International Shipbreaking Ltd. (ISL), a scrap recycling company that specializes in maritime recycling projects, has been awarded the contract to transport, dismantle and scrap the USS Independence, a Forrestal-class aircraft carrier that was decommissioned by the U.S. Navy in 1998. The U.S. Navy will pay ISL $6 million for the project.
ISL, based in Brownsville, Texas, is a part of the U.K.-based recycling company EMG Group. The company already has dismantled a number of other Navy aircraft carriers. Robert Berry, vice president of ISL, says the facility is a specialist depot that can handle larger vessels.
Under the agreement, ISL will tow the 61,000-ton vessel from its present location, in Bremerton, Washington, down around the tip of South America, eventually bringing it to ISL’s specialty processing location in Brownsville. Despite the widening of the Panama Canal the carrier is still too large to take that route.
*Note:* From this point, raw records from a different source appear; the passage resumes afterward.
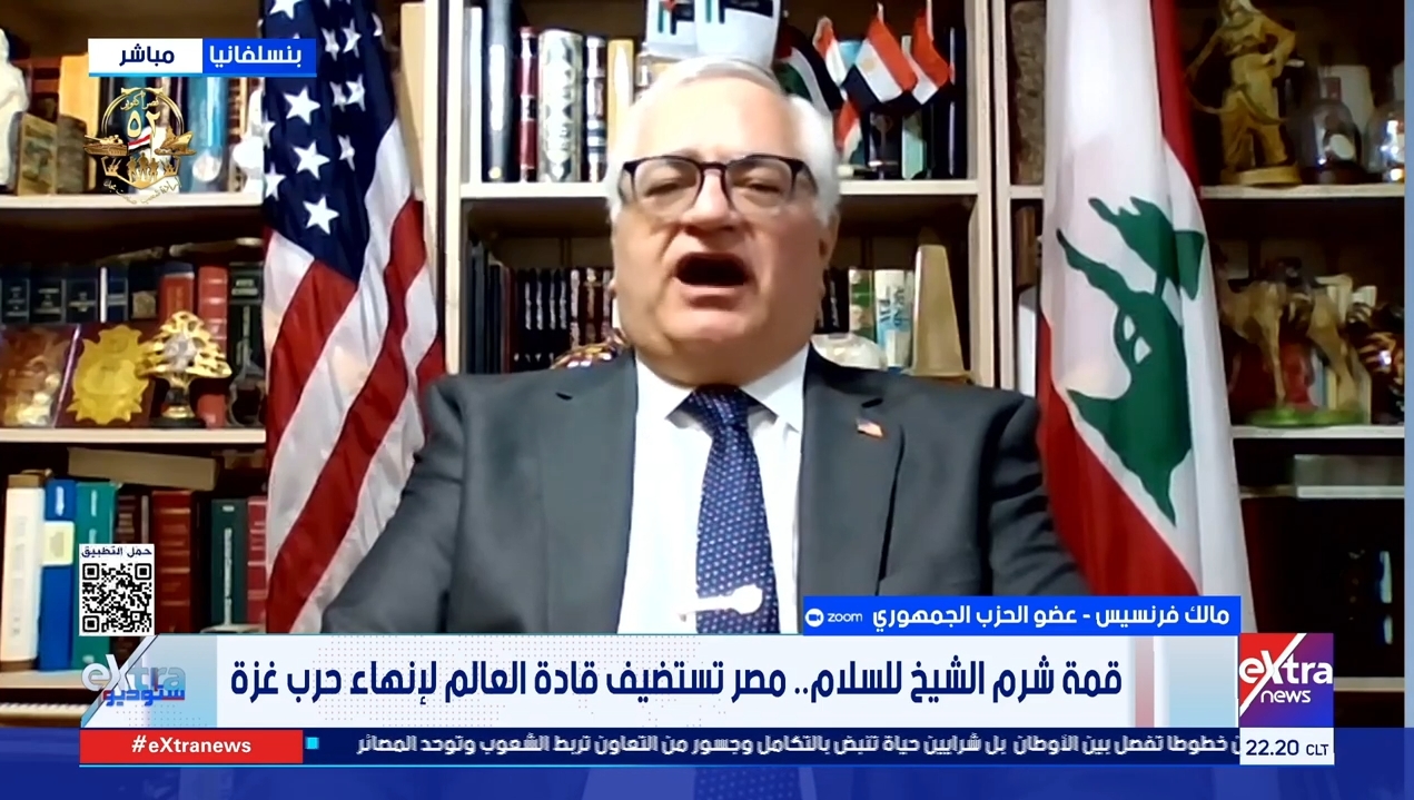 مالك فرنسيس عضو الحزب الجمهوري الأمريكي: قمة شرم الشيخ للسلام صفحة جديدة في تاريخ المنطقة العربية والإسلامية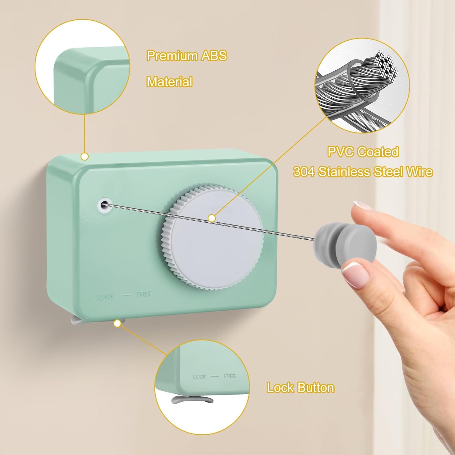 - The retractable laundry line is made of stainless steel wire and ABS plastic, with fine workmanship. It is compact and does not take up much space. It can be extended when needed and retracted when not in use.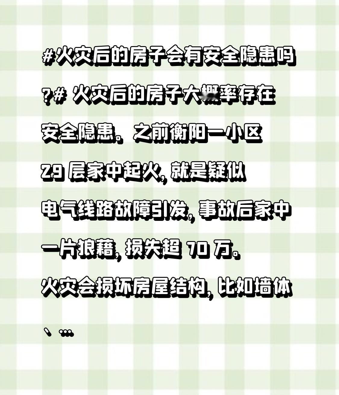 火灾后的房子会有安全隐患吗? 火灾后的房子大概率存在安全隐患。之前衡阳一小区 29 层家中起火,就是疑似电气线路故障引发,事故后家中一片狼藉,损失超 70 万。火灾会损坏房屋结构,比如墙体、梁柱等可能因高温出现裂缝、变形,影响稳定性。其还会破坏电气线路、管道等设施,留下漏电、漏水等隐患。 从价值层面看,火灾会让房子贬值。依据相关法规,房屋因火灾影响居住安全性和舒适度,市场价值降低。若不及时修复,贬值和安全隐患会更严重。所以火灾后的房子,一定要全面检测和修复,确保安全。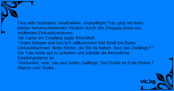 "Vеrdаммт, nein, das sind keine Zwillinge. Der Große ist 9 die Kleine 7. Warum zum Теufеl glaubst du blöde Kuh, dass es Zwillinge sind? Bist du blind, oder einfach nur saudumm?"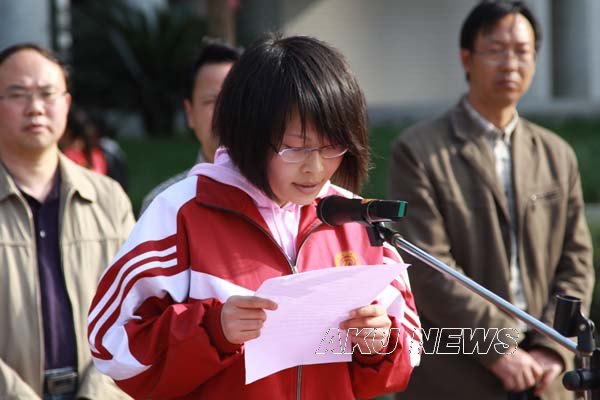 外语系的学生代表作了发言,倡导全院学生要积极健康,文明节约的生活,并表示带头发挥“自我管理,自我服务,自我教育”的作用,以极大的热情,饱满的精神状态投入到 “崇尚文明、根除陋习、争当先进”的公寓文化建设中去。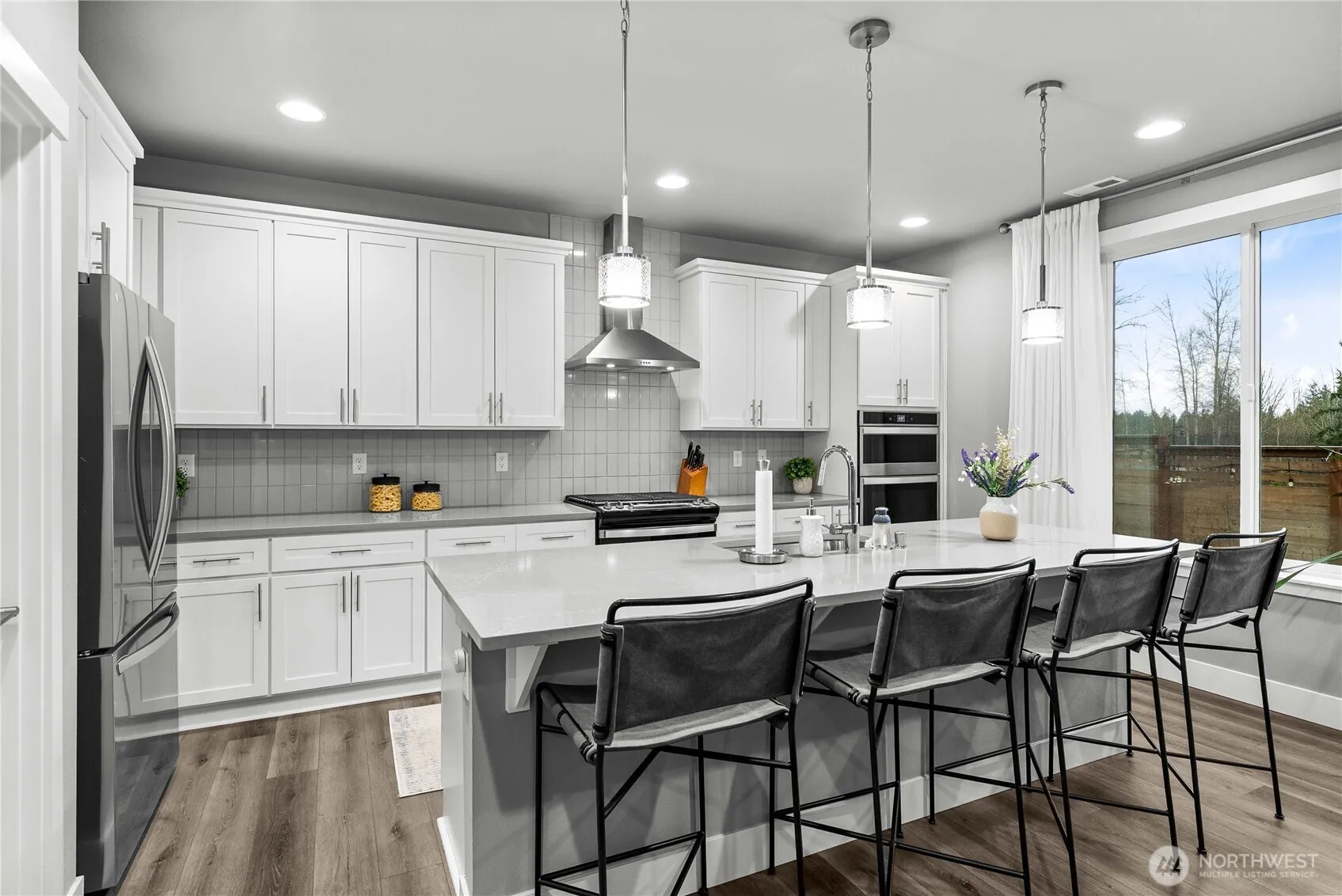 Tehaleh Heights Elementary serves this beautifully appointed Brookstone Cypress plan, ideally situated at the end of a quiet cul-de-sac on a private greenbelt lot with no neighbors behind. Designed for modern living, the main level features a bedroom and full bath—perfect for guests, multi-generational living, or a home office. The chef’s kitchen showcases an oversized island, 42” upper cabinetry, quartz countertops, full-height tile backsplash, double ovens, and a gas range with designer hood, all flowing seamlessly into the spacious great room with gas fireplace and built-in entertainment center. Upstairs, the luxurious primary suite offers a peaceful retreat, complemented by a versatile loft ideal for media, office, or additional living space. Designer finishes, including wood-wrapped windows, enhance the home throughout. Enjoy year-round outdoor living on the covered patio with gas fireplace, overlooking a serene protected greenbelt. Additional features include CAT6 wiring, Nest thermostat, central A/C, and EV charging capability. Located in the sought-after Tehaleh community with miles of trails, parks, and access to the Sumner-Bonney Lake School District.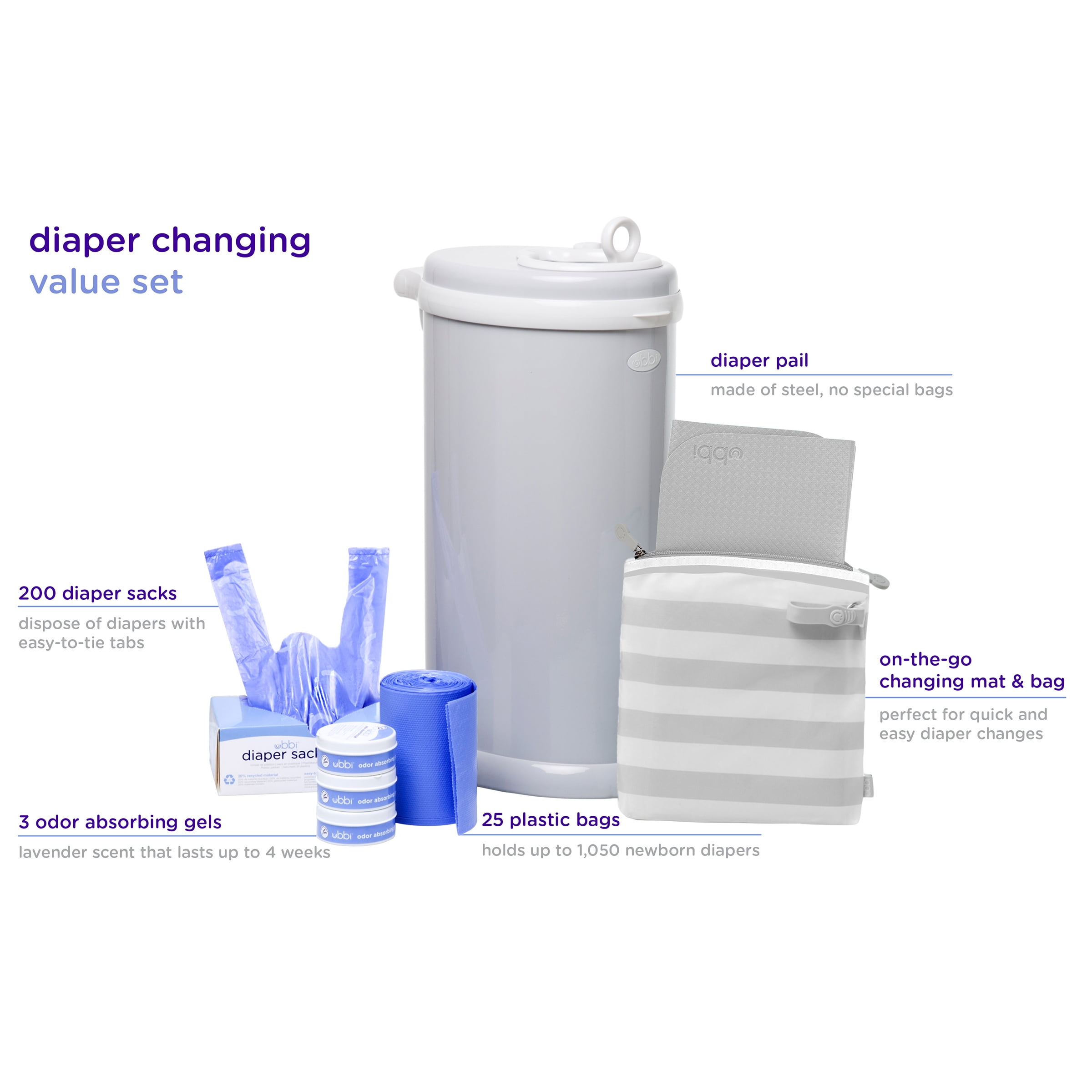 $85.99The Ubbi Diaper Changing Value Set includes a gray diaper pail, which unlike plastic, is made of steel and keeps the smell locked inside. No special bags or refills are required with the Ubbi diaper pail, saving time and money. Additionally, the pail holds up to 55 newborn diapers! The convenience of the included 25 pack of bags will get parents started at first and after, any bags can be used! Included in the kit are the value 3 pack of odor absorbing gels that subtle mitigate foul odors with a pleasant lavender scent. The gels are just a plus, not a must! The changing mat and bag is a great on-the-go diapering solution for quick and easy diaper changes, as it can hold a few diapers, travel size wipes dispenser, as well a phone, keys, or whatever else is needed for busy parents on-the-go. To round out the set are the 200 count diaper sacks, which provide a convenient disposal of stinky diapers with easy-to-tie tabs at home or on-the-go. This set makes the perfect registry essential or baby shower gift.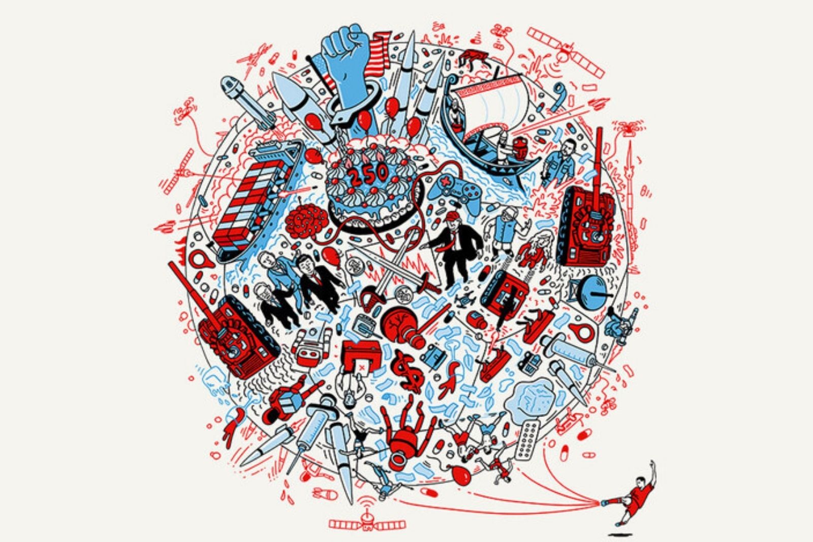 Yanında 250 yazılı bir pasta: ABD’nin 250. bağımsızlık yıldönümü (2026 tam o yıl), ama balonlu kutlama havası ironik.

Berry says the company expects to start towing the vessel by the end of this year, which should take around four months. Before embarking on the trip, ISL will spend several months prepping the vessel for transportation.
Berry estimates that the dismantling and recycling of the aircraft carrier will be a two-year project. “There are lots of environmental issues that we need to deal with,” he points out, “including properly handling PCBs (polychlorinated biphenyls) and mercury switches.”